O Pai-Pequeno e a Mãe-Pequena representam a extensão da
influência espiritual/social do Pai/Mãe-de-Santo sobre todos no terreiro,
devendo por isso corresponder-lhe afirmativamente quanto às expectativas
pertinentes ao seu papel, primeiramente pelo exemplo de compromisso e responsabilidade, zelando pela boa preparação e disciplina do corpo de
médiuns, a boa orientação dos médiuns novos, a contribuição na transmissão do
conhecimento simbólico/espiritual e também das informações organizacionais
referentes ao templo.
Aos médiuns já iniciados, cumpre seguir as
determinações de ordem espiritual e social transmitidas pela direção do templo
e aplicar-se na prática da experiência religiosa, mediante o trabalho com seus
Guias para que possa evoluir no domínio de sua função mediúnica, cumprindo seus
deveres de preparação ritualística e espiritual, bem como adquirir cada vez
mais ciência a respeito dos ritos praticados dentro e fora do templo, o cronograma destes ritos, os trabalhos de caráter especial/iniciáticos, aliados a conhecimentos sólidos e bem estruturados acerca de sua religião e de seu mediunismo. Tudo isso para que possam tornarem-se adeptos conscientes e críticos em torno de sua religiosidade, além de suficientemente esclarecidos a respeito dos fundamentos de sua prática religiosa.

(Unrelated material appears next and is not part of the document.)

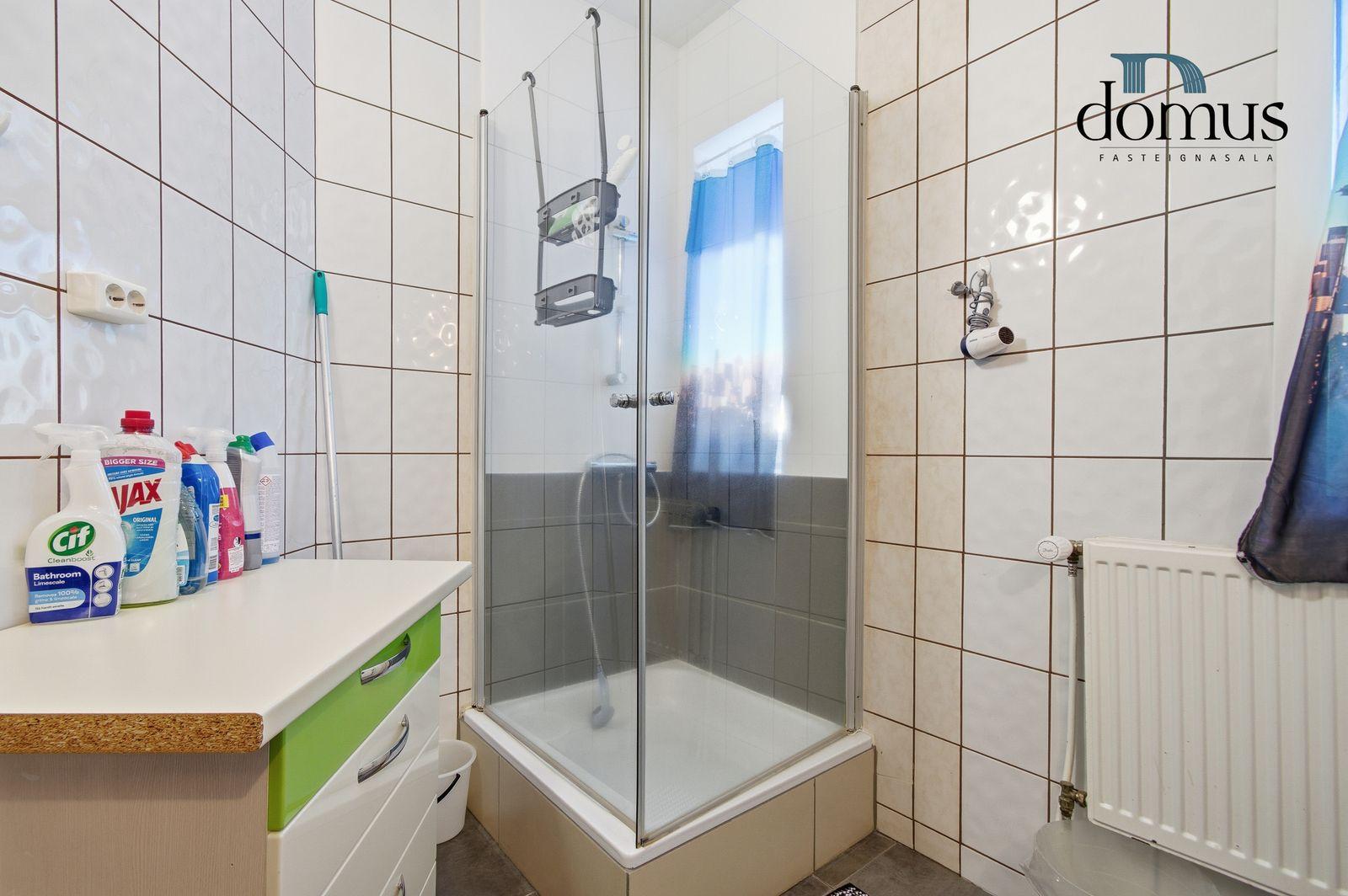 Baðherbergi: Flísar á gólfi og hluta veggja, sturtuklefi, baðinnrétting með neðri skáp og salerni.

Já aos Cambonos (Cambones) cumpre o acompanhamento das
entidades espirituais ao longo dos trabalhos, fornecendo aos médiuns o suporte
necessário, também no que se refira aos objetos que estes necessitem utilizar no
decurso do trabalho espiritual, a observação atenta da assistência a fim de
zelar pela tranquilidade dos trabalhos e pela orientação daqueles que adentram à
casa pela primeira vez, ou que vejam-se tomados pelo fenômeno do transe em meio
ao trabalho (estando na assistência), a coleta de cartas e bilhetes redigidos
pelos assistidos (solicitando atendimento de suas necessidades, pedidos de
oração, etc).
“Quanto mais as pessoas sobem os degraus de uma
evolução espiritual nos níveis da hierarquia mediúnica, mais se submetem às
regras do desempenho de seus papéis e mais interiorizam as crenças pertinentes
ao seu status”(Victoriano, 2005).
O desenvolvimento mediúnico permite uma assimilação das linguagens rituais e seu executar ao longo da prática umbandista, cujo
seu aprofundamento e integração no psiquismo do médium, permitem-no uma cada
vez mais afetiva e segura incorporação – a firmeza do médium -, fazendo com que
esteja cada vez mais em evidência perante o dirigente/sacerdote do terreiro, e
possa aos poucos ganhar o seu “consentimento para que represente a experiência
simbólica das entidades” (Victoriano, 2005) perante o próximo, contribuindo no
atendimento e participação na "linha de passe", na presença ativa nos ritos de
tratamento espiritual, nos ritos de iniciação, entre outros.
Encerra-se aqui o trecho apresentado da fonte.